### Records provided
══════
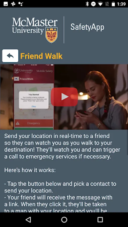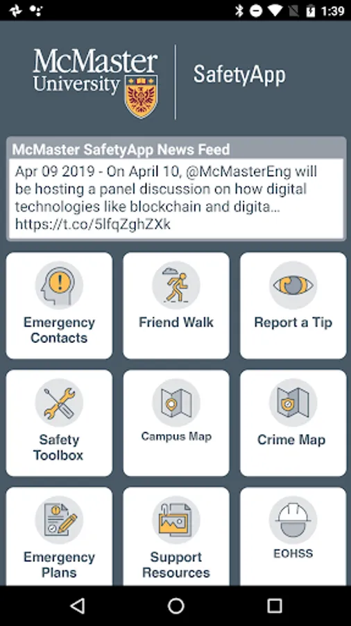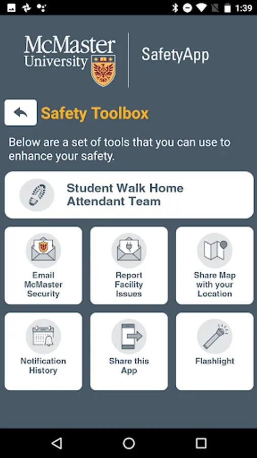 McMaster SafetyApp is the official safety app of McMaster University. It is the only app that integrates with McMaster's safety and security systems. McMaster University has worked to develop a unique app that provides students, faculty and staff with added safety on the McMaster campus. The app will send you important safety alerts and provide instant access to campus safety resources.
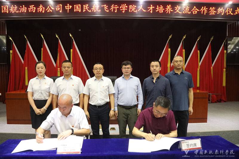 本网讯 杨月新 报道 为进一步贯彻落实新时代民航强国战略,积极落实四川省与中国民用航空飞行学院战略合作重点项目的建设,践行和丰富中飞院与中航油战略合作框架协议内容。6月11日,LETOU国际米兰官网院长贺元骅、中国航空油料集团有限公司西南公司党委委员、纪委书记、工会主席罗成志代表双方单位在中航油西南公司郑重签署了人才培养交流合作协议并为学生实习基地揭牌。四川省教育厅高教处高波莅临指导,安工学院副书记、纪委书记孔鹏、学院副院长雷秋鸣及中航油西南公司相关人员参加仪式。
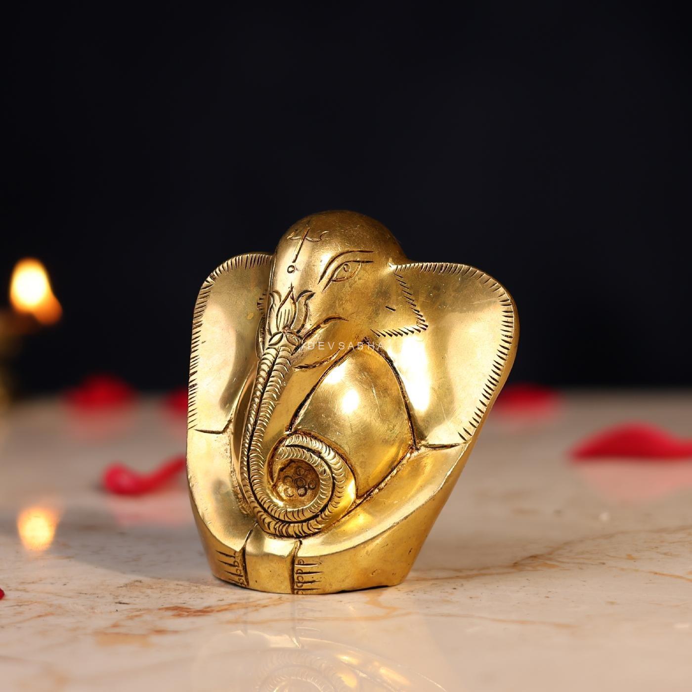 This Brass Ganesh Idol (3.5 inches) is handcrafted from pure brass with fine detailing. Compact and elegant, it is perfect for daily pooja, office desks, travel-friendly setups, or gifting. Lord Ganesha, the remover of obstacles, blesses with wisdom, prosperity, and protection.
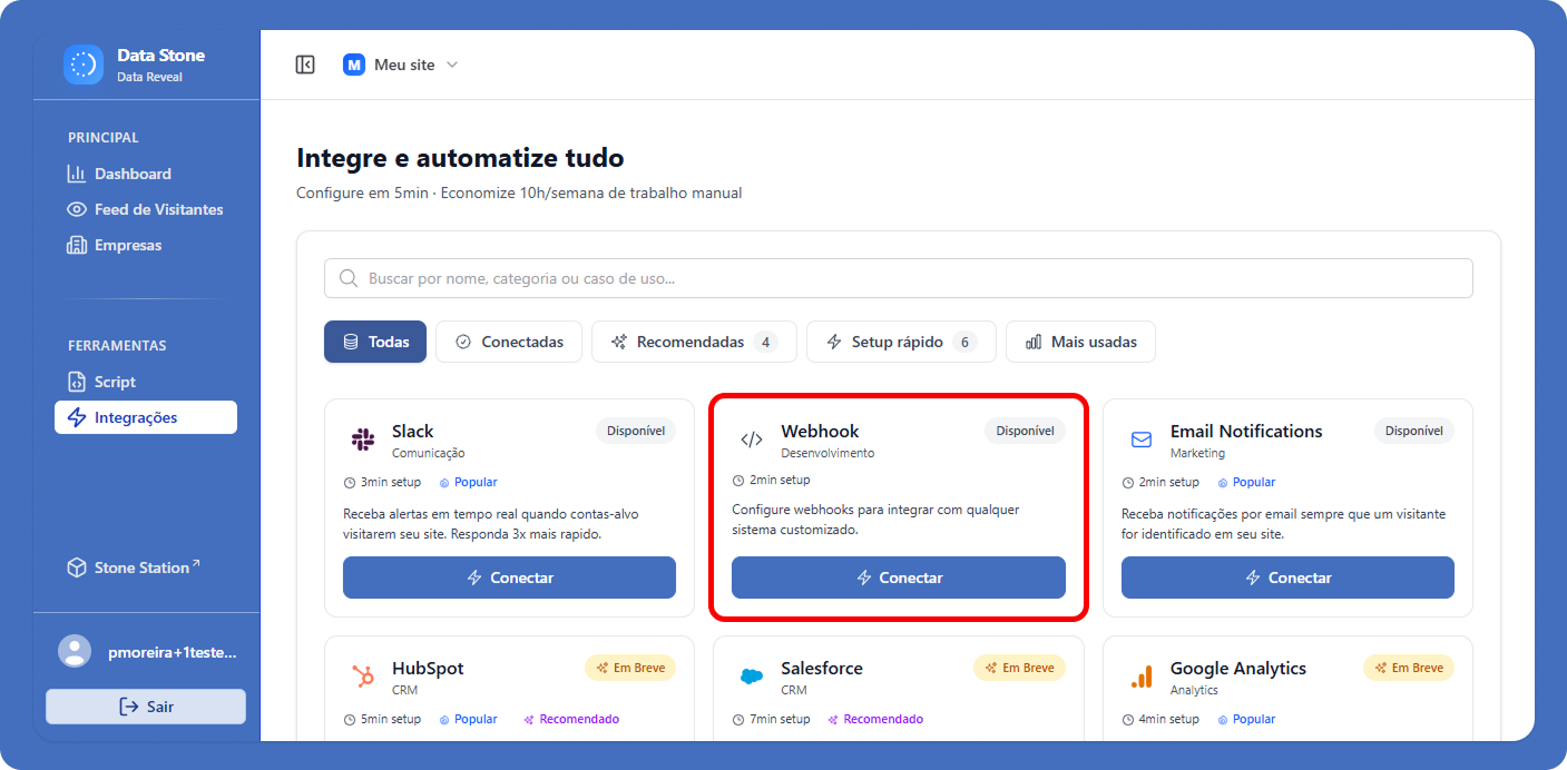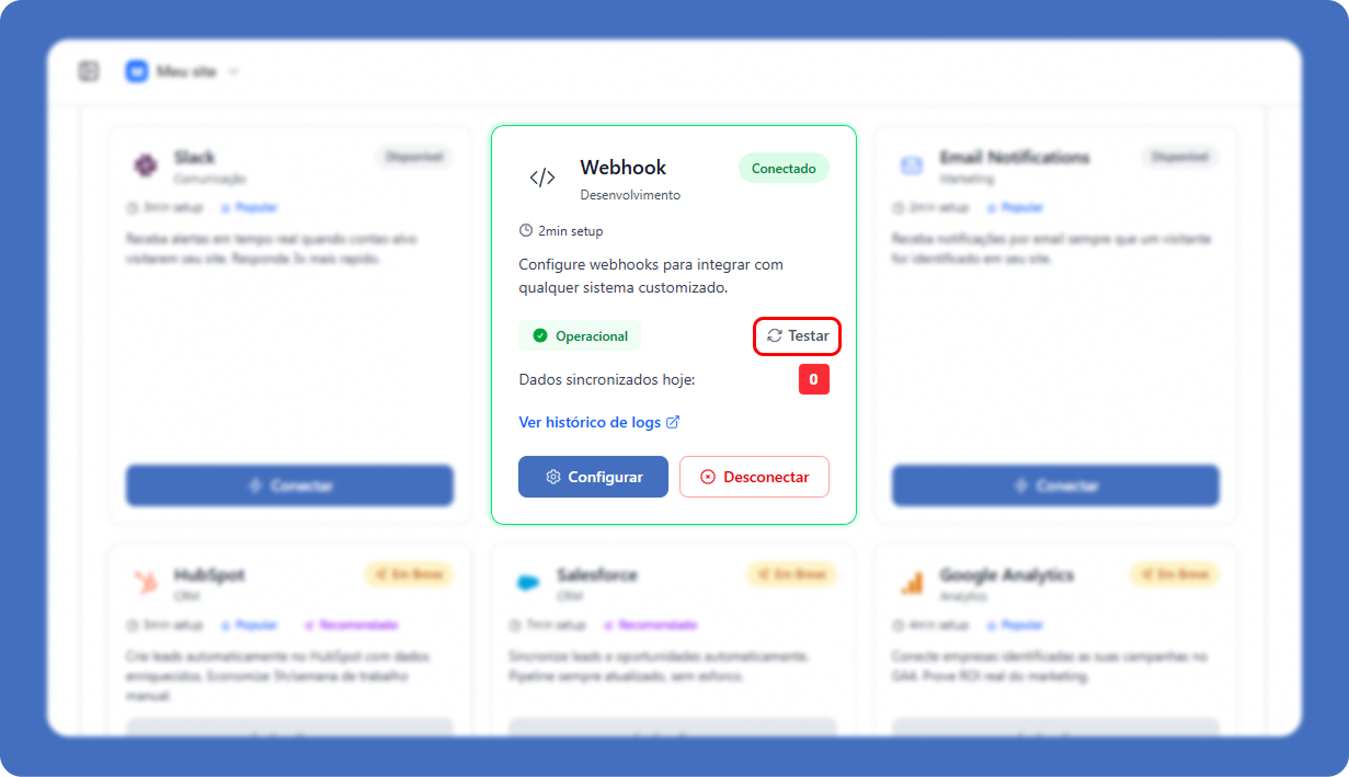 As notificações por Webhook são projetadas para enviar essas informações em tempo real diretamente para outros sistemas que sua equipe utiliza, como CRMs, plataformas de automação e sistemas internos. Isso cria um fluxo contínuo e automático de dados, acelerando as ações comerciais e melhorando a coordenação entre ferramentas.
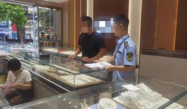 经执法人员检查,涉事商家待售的足金戒指、足金和田玉戒指等首饰标识牌上只有产品名称、价格等信息,却没有标注重量。结合现场检查情况及陈女士提供的证据,证实陈女士反映的问题属实。
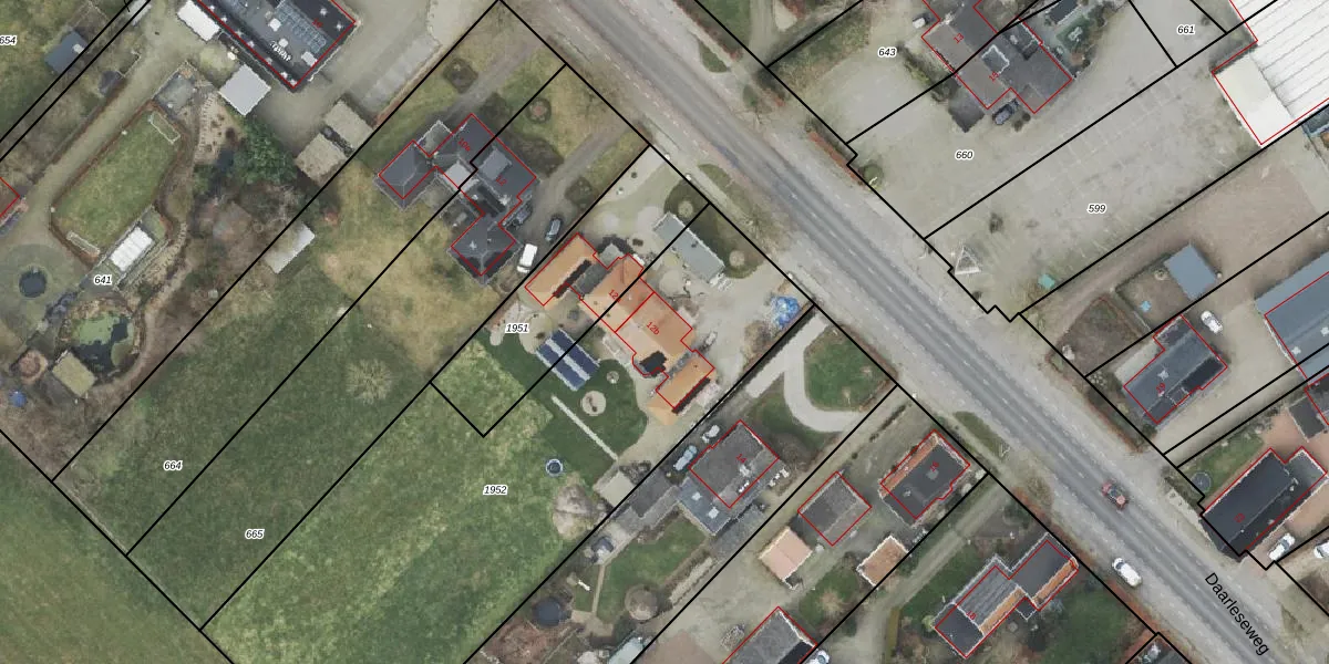 Het perceel waarop Daarleseweg 12-b staat heeft een oppervlakte van 2730 m². Dit is een zeer groot perceel. De perceeloppervlakte wordt geregistreerd door het Kadaster. Gedetailleerde informatie over de maten van dit perceel kunt u vinden in het rapport Kadastrale kaart met maatvoering van Daarleseweg 12-b.
══════
Everything from the line containing "As notificações por" to the last line of the listing above is to be written out exactly, except the pictures, and nothing else.

### Completed task
 As notificações por Webhook são projetadas para enviar essas informações em tempo real diretamente para outros sistemas que sua equipe utiliza, como CRMs, plataformas de automação e sistemas internos. Isso cria um fluxo contínuo e automático de dados, acelerando as ações comerciais e melhorando a coordenação entre ferramentas.
 经执法人员检查,涉事商家待售的足金戒指、足金和田玉戒指等首饰标识牌上只有产品名称、价格等信息,却没有标注重量。结合现场检查情况及陈女士提供的证据,证实陈女士反映的问题属实。
 Het perceel waarop Daarleseweg 12-b staat heeft een oppervlakte van 2730 m². Dit is een zeer groot perceel. De perceeloppervlakte wordt geregistreerd door het Kadaster. Gedetailleerde informatie over de maten van dit perceel kunt u vinden in het rapport Kadastrale kaart met maatvoering van Daarleseweg 12-b.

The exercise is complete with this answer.